This early work by Folmer, from circa 1928, is an excellent example of his figurative work when, like many artists in Paris at the time, he developed his own style...
This early work by Folmer, from circa 1928, is an excellent example of his figurative work when, like many artists in Paris at the time, he developed his own style based on some of the visual aspects of Cubism, as opposed to the conceptual elements.
Georges Folmer was born in 1895 in Nancy. At the age of 15, he enrolled at the Art School of his native town where he studied painting, sculpture and architecture for the next three years. During the outbreak of war he happened to be in Germany, where he was imprisoned. He put his enforced idleness to good use by painting the scenery for a small theatre organised by the prisoners, who included well-known artists such as Etievant and Lucien Nat, the future star of the Baty theatre. After that, Folmer was sent as a prisoner on parole to Geneva, where he quickly became a student at the Art School. He spent a year there before the hazards of war took him to Algeria. Delighting in the light he found there, he discovered the colours which he used in his paintings during his travels in both Algeria and Tunisia.
Once the war was over, he decided against returning to Nancy and settled instead in Paris in 1919, where he became a regular exhibitor at, and then a member of, the Salons des Indépendants d’Automne and at the Tuileries. In order to earn his living, the artist’s eternal problem, he worked in various professions connected with art. This included designing the theatrical costumes for the actor Dullin at the Ibels workshop. This gave him the opportunity to frequent literary and modern art circles, and in 1926 he met Del Marle for the first time, along with members of the Vouloir group, including Lempereur-Haut, who was to become a loyal friend. He continued with his painting whilst at the same time doing wood engraving and enamel work. Critics at the time remarked on his new style – ‘solidity in construction’ and ‘colourful cadence’ - which was his first move towards Cubism: “Thanks be to the Billiet-Vorms Gallery for having revealed the new Georges Folmer to us.”

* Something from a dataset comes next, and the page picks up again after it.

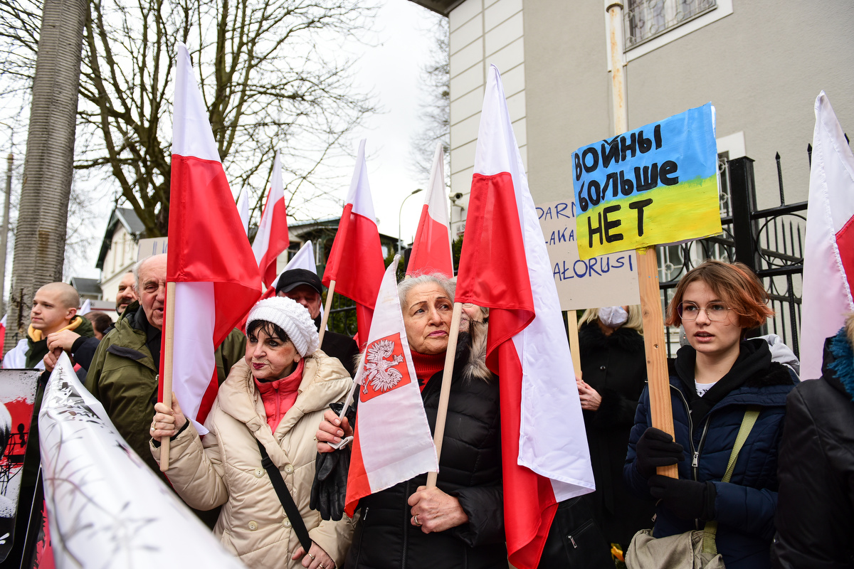 W sobotę w południe około stu osób zebrało się przed konsulatem generalnym Federacji Rosyjskiej w Gdańsku, by zaprotestować przeciwko agresji Rosji na Ukrainę i więzieniu przez reżim Aleksandra Łukaszenki Andżeliki Borys i Andrzeja Poczobuta. Pikietę zorganizowała Fundacja Łączy Nas Polska.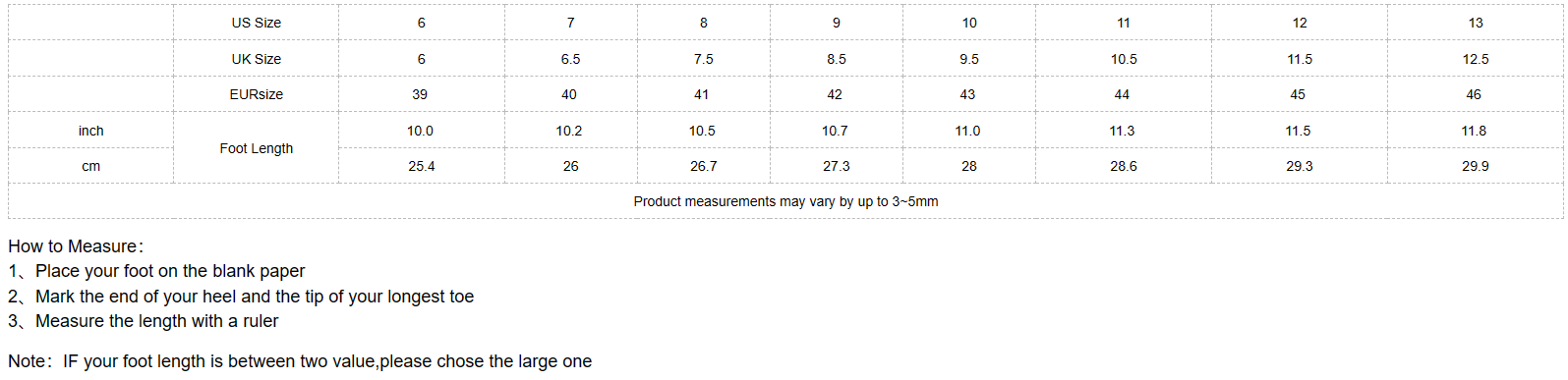 Product measurements may vary by up to 3~5mm

From the Thirties onwards and without abandoning his Cubist vision, he studied the influence of Cubism in comparison with the first attempts at abstract art. In 1932, he met Auguste Herbin and was attracted by the young ‘Abstraction-Creation’ movement. He continued developing his studies and his practical and technical research work on the Section d’Or and on the harmonic division of space, split up into different planes. In 1935, he exhibited at the first Salon d’Art mural alongside Delaunay, Gleizes and Kandinsky. From then on, he totally expressed ‘non-imitative plastic art’, according to Del Marle’s definition. In 1939 his work was shown together with that of Frédo-Sides at the Galerie Charpentier at the still-famous event which included all the non-representational artists of the time. This event was the precursor of the Salon des Réalités Nouvelles which opened in 1946 after the war. Georges Folmer exhibited there regularly until 1972 and from 1947 onwards he showed his spatial constructions and his paintings on canvas. Before that, in 1942, he had created a new technique for his drawings, which he called ‘Monotypes,’ involving the superimposing of various printing inks applied with rollers or tools he devised himself. In 1949 at the Café du Globe he, Gorin, Servanes and Beothy were among the first nine artists who, at Del Marle’s initiative, made preparations for forming what was to become the Groupe Espace, whose famous manifesto he signed in 1952.